Big Changes Bring Big Questions for UNC

Editor’s Note: This article originally appeared in the Greensboro News & Record on April 9.

Two years into the presidency of Erskine Bowles, the University of North Carolina (UNC) system appears ready to make some sweeping changes.

Speaking before the March meeting of the Board of Governors, members of UNC’s general administration made two proposals. First, they suggested adding a system of branch campuses, initially in the form of joint projects with community colleges or by renting classroom space in commercial buildings. Second, they intend to take a stronger role in the creation and elimination of degree programs by the 16 member universities, indicating they would favor expanding existing programs or starting collaborative programs over the establishment of new, independent ones.

These changes are major. What are we to make of them?

The first plan is almost uniformly positive. A typical branch campus will initially feature two-plus-two programs, in which students spend the first two years attaining an associate’s degree from the community college, and then take classes from university professors at the community college or at a “storefront” classroom to complete the final two years of their four-year bachelor’s degree. Creating branches makes education more accessible to students who wish to remain in their local community without being forced to make extravagant long-distance commutes. It’s especially valuable for the growing older student population.

Aligning the four-year schools with the community college system should also reduce the cost of education — for the state as well as for the students. In addition, the universities can provide some struggling community colleges with financial help and expertise.

The move toward greater centralization is more complicated, however. A centralized approach does offer promise for improved management – it can be very useful in eliminating costly redundancies in degree programs. Yet it has its own perils, particularly in light of the new emphasis on expanding the university system’s role in economic development.

UNC vice president Alan Mabe emphasized the positive side of greater control, including the potential for collaborative programs to aid in economic development. For example, Elizabeth City State University (ECSU) has a doctoral pharmacy program in a partnership with UNC-Chapel Hill. Ten to fifteen pharmacy students enroll each year. They receive their degrees from UNC-Chapel Hill, but attend classes at Elizabeth City, in an area with considerable unmet demand for pharmacists. The hope is, according to Mabe, that after performing their required clinical work in the area, some students might choose to stay after graduation.
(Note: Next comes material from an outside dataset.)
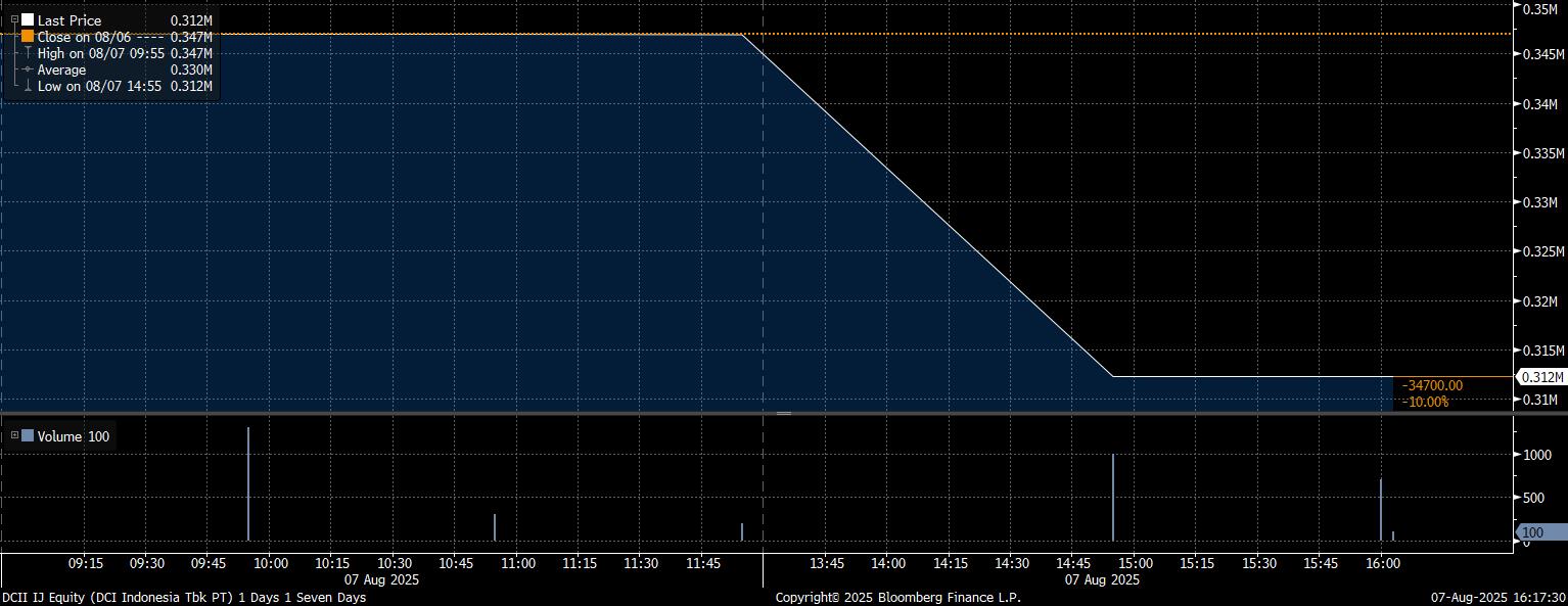 Jadi sebab penurunan tersebut, sejumlah saham berguguran hingga melemah dua digit. Salah satunya yang paling berat bobotnya adalah emiten data center milik taipan teknologi Toto Sugiri, saham PT DCI Indonesia Tbk (DCII)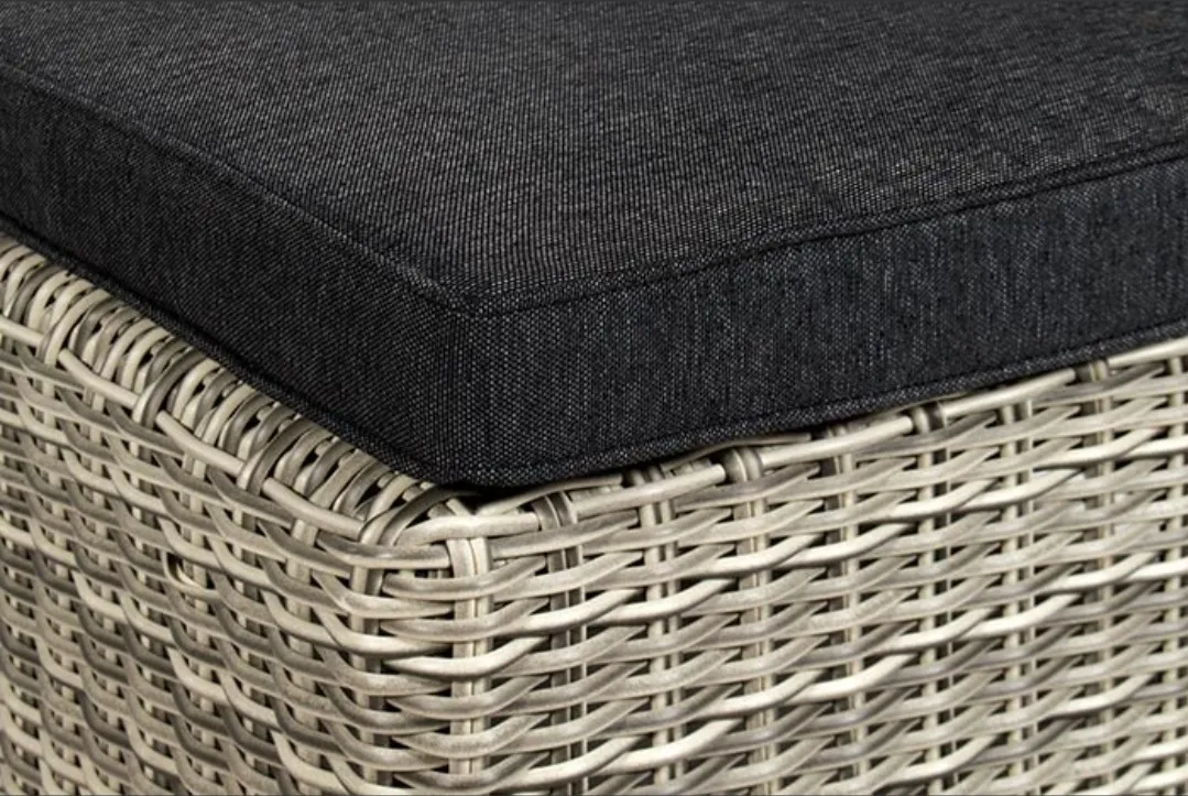Pirmas įspūdis – solidumas ir elegancija. Šviesiai pilkas sintetinio „wicker“ pynimas kartu su tamsiai pilkais paminkštinimais kuria subtilų, bet labai prabangų kontrastą. Tai spalvų derinys, kuris neperkrauna aplinkos ir lengvai įsilieja tiek į modernią terasą, tiek į klasikinį sodą ar natūralią kiemo aplinką.

Yet such targeted development schemes must be eyed with suspicion.This is a very different situation than a two-plus-two elementary education program at Coastal Carolina Community College, in conjunction with UNC-Wilmington. That program is intended to alleviate a teacher shortage in Onslow County, and offers residents who do not wish to leave the area a chance to remain while pursuing their degrees. There is a very high probability that they will choose to work locally upon graduation.

The pharmacy program at Elizabeth City, however, brings in people with no ties to the community, and provides them with the skills to find employment elsewhere. Perhaps a few will get their initial job in the northeast part of the state. Once armed with a pharmacy degree and several years of experience in a profession with high national demand, however, they can easily find jobs at much higher salaries in more prosperous regions with more amenities. With such options available, few people will choose to remain in a remote, depressed area for long. If it turns out that few graduates of the program settle in the Elizabeth City area, the program will merely become another redistribution of money from one part of the state to another, more like an entitlement program rather than the answer to a long-term labor shortage.

There is still the possibility that these two policy changes may turn out to be sensible, low-cost solutions to help the UNC system deal with the crush of new students anticipated with North Carolina’s projected population growth. Certainly, the branch campuses offer great potential to help the state deal with labor shortages and perhaps increase economic growth. But one should be wary of attempts to micromanage a large system like UNC, let alone a state economy, with the sort of intensive central planning and concentration of power sought by the general administration. If the ECSU-UNC pharmacy program and similar economic development plans fail to deliver their desired results, will the general administration be able to reverse their course? Or will the North Carolina landscape be dotted with costly but failed good intentions?